If the mage’s physical or mental state became unstable, their ability to control magical power declined.

And then, naturally, the already summoned permanent summon would often fall into an inactive state.

In the end, despite being a "permanent" summon, there were times when it remained active even less than a temporary one.

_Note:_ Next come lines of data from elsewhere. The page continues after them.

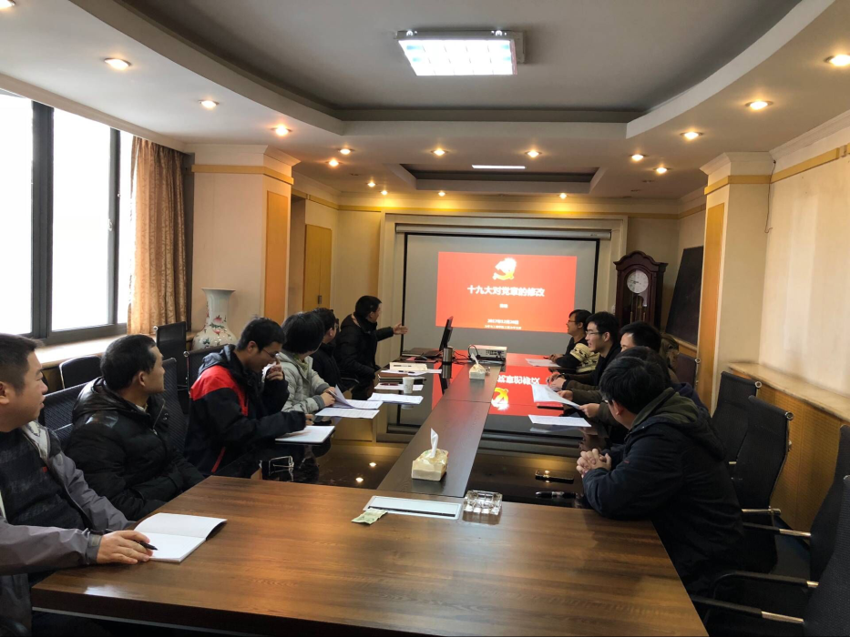 一是蒋晗同志为全体党员讲党课,题目为“十九大对党章的修改”。党课的主要内容包括党章的制定和修改的历史、历次党章修改的主要内容、十九大对党章的新修改以及对本次党章修改内容的解读。蒋晗同志的报告资料详实,内容深入浅出,得到了大家热烈的掌声。蒋晗同志的报告结束后,大家进行了提问和讨论,就一些不清楚的地方进行了热烈的讨论。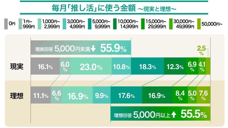 毎月20万円はさすがに極端ですが、理想の推し活のために5000円以上かけたいと回答した人が55.5%いるのも事実。推し活にもっとお金がかけられるのであればかけたい、と思っている人も多いようです。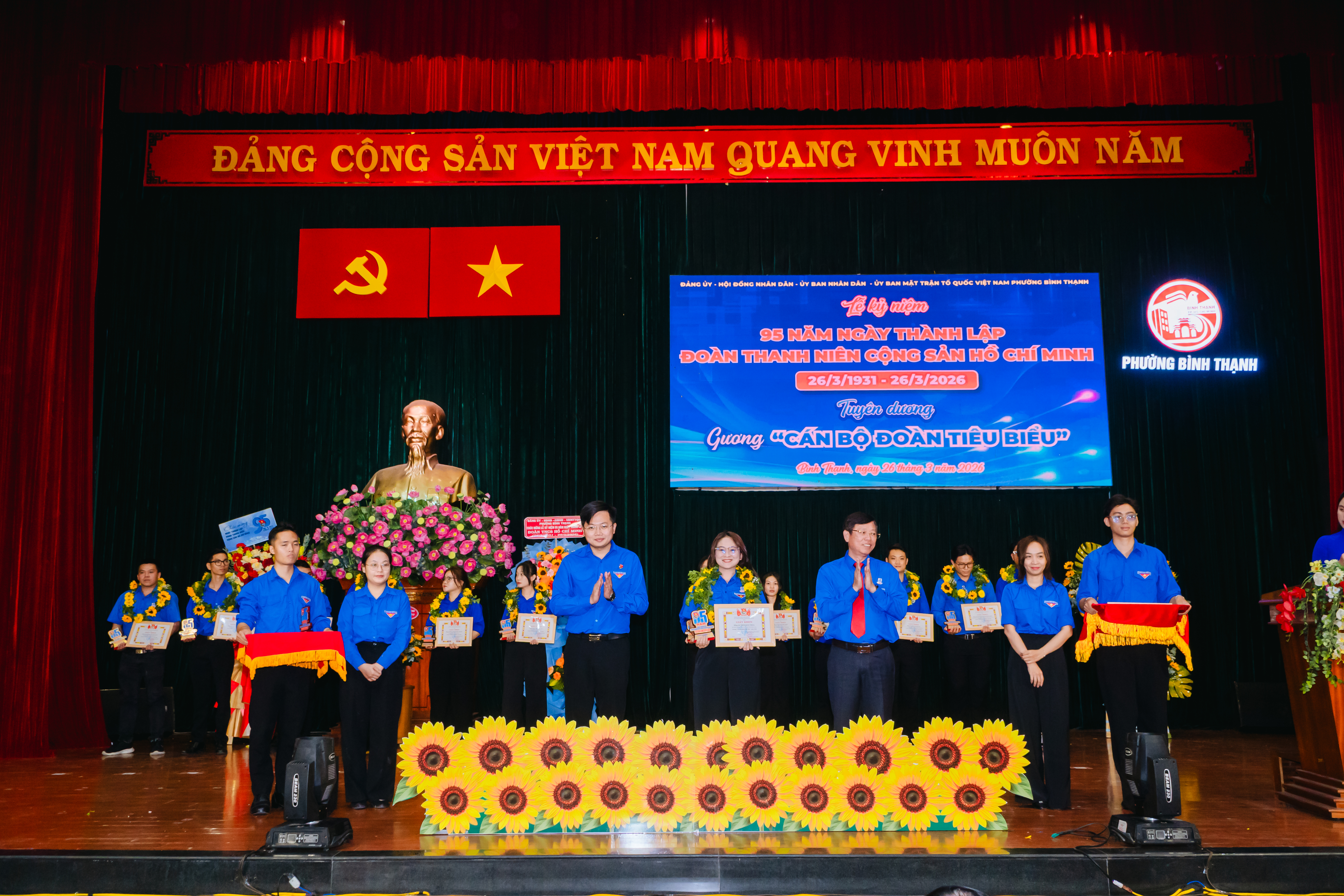 Ngày 26/03/2026, tại Trụ sở UBND phường Bình Thạnh đã diễn ra chương trình Lễ kỷ niệm 95 năm ngày thành lập Đoàn TNCS Hồ Chí Minh và tuyên dương các gương “Cán bộ Đoàn tiêu biểu” trong không khí trang trọng và đầy tự hào, quy tụ nhiều cá nhân xuất sắc trong công tác Đoàn trên địa bàn.

"Think about it. Has there ever been anyone who overcame these problems of permanent summons? No one. That’s why mages became a target of ridicule at the slightest opportunity."

Without realizing it, Bale nodded.

He, too, was well aware of the mockery directed at mages because of permanent summons.

Among people, there had even appeared a mocking term—"the wall of permanent summons"—used as a measure of a mage’s ability.

"They said he was a once-in-a-century genius. But this time, it seems even that mage couldn’t overcome the ‘wall of permanent summons.’"

"Ha ha ha! At this rate, maybe the term ‘permanent summon’ should be abolished altogether? No wonder mages always remain backline support."

Of course, the other team members also knew about this social phenomenon.

And yet they deliberately didn’t bring it up for one reason...

Bale’s gaze slid toward Tie, who stood there absentmindedly.

'Because they knew this little one wouldn’t understand any of it anyway?'

But now that the topic had come up, a question suddenly occurred to him.

Looking down at Tie, Bale casually asked:

"Captain, your permanent summon is a bit unstable too, right?"

He suddenly recalled the black little dragon Astie carried around.

"I think it was called Kkamani."

It was such an insolent little thing that it made you wonder how something like that could come from someone as cute as Astie.

"Come to think of it, since we arrived in the weapon district, I’ve only seen it once. Since it appears and disappears, it really does seem like a permanent summon."

Meanwhile, Tie, who had been listening, swallowed.

'Another emergency...?'

And it was no wonder.

Because from the very beginning, Kkamani had never been Tie’s summoned creature.

It was a spirit hiding its true nature, one of the hidden powerhouses—just like Tie herself.